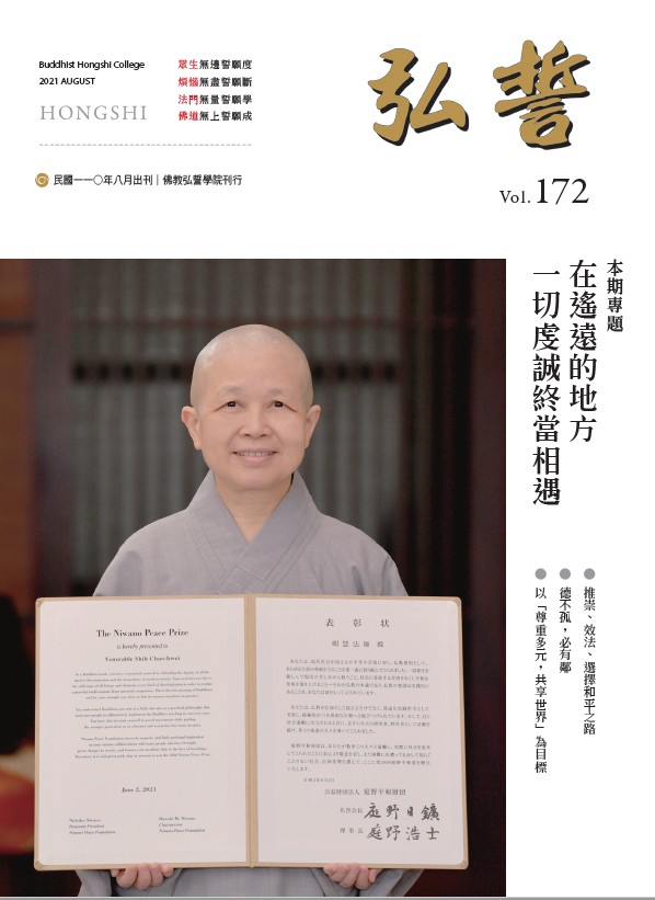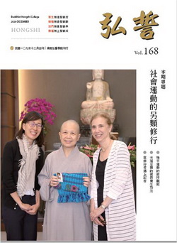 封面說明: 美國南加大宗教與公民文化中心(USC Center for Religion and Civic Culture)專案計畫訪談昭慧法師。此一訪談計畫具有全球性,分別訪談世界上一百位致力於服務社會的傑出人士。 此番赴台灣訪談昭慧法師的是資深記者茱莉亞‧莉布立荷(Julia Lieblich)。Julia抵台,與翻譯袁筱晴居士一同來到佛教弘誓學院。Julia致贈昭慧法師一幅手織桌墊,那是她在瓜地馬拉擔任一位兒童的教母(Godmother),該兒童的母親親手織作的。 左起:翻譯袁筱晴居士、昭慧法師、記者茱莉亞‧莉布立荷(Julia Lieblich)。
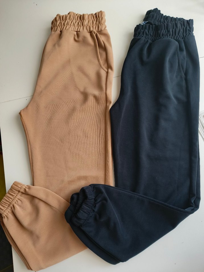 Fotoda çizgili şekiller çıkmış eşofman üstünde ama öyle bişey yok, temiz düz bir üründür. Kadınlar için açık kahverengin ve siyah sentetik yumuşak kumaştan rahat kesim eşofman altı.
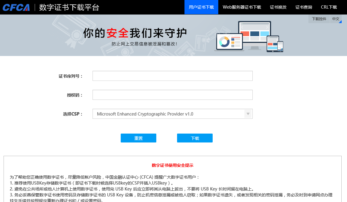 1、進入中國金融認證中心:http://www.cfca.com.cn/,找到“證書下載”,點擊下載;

...

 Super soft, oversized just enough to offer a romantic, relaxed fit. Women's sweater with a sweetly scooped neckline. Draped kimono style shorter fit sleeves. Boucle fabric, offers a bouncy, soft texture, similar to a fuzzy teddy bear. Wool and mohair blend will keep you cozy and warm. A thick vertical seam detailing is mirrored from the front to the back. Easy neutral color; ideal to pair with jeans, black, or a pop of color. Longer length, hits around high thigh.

PROBLEM DETAILS
Using the listing above, restate exactly the range between the lines holding "封面說明: 美國南加大宗教與公民文化中心(USC Center" and "1、進入中國金融認證中心:h", inclusive, with pictures left out.

EXERCISE RESPONSE
 封面說明: 美國南加大宗教與公民文化中心(USC Center for Religion and Civic Culture)專案計畫訪談昭慧法師。此一訪談計畫具有全球性,分別訪談世界上一百位致力於服務社會的傑出人士。 此番赴台灣訪談昭慧法師的是資深記者茱莉亞‧莉布立荷(Julia Lieblich)。Julia抵台,與翻譯袁筱晴居士一同來到佛教弘誓學院。Julia致贈昭慧法師一幅手織桌墊,那是她在瓜地馬拉擔任一位兒童的教母(Godmother),該兒童的母親親手織作的。 左起:翻譯袁筱晴居士、昭慧法師、記者茱莉亞‧莉布立荷(Julia Lieblich)。
 Fotoda çizgili şekiller çıkmış eşofman üstünde ama öyle bişey yok, temiz düz bir üründür. Kadınlar için açık kahverengin ve siyah sentetik yumuşak kumaştan rahat kesim eşofman altı.
 1、進入中國金融認證中心:http://www.cfca.com.cn/,找到“證書下載”,點擊下載;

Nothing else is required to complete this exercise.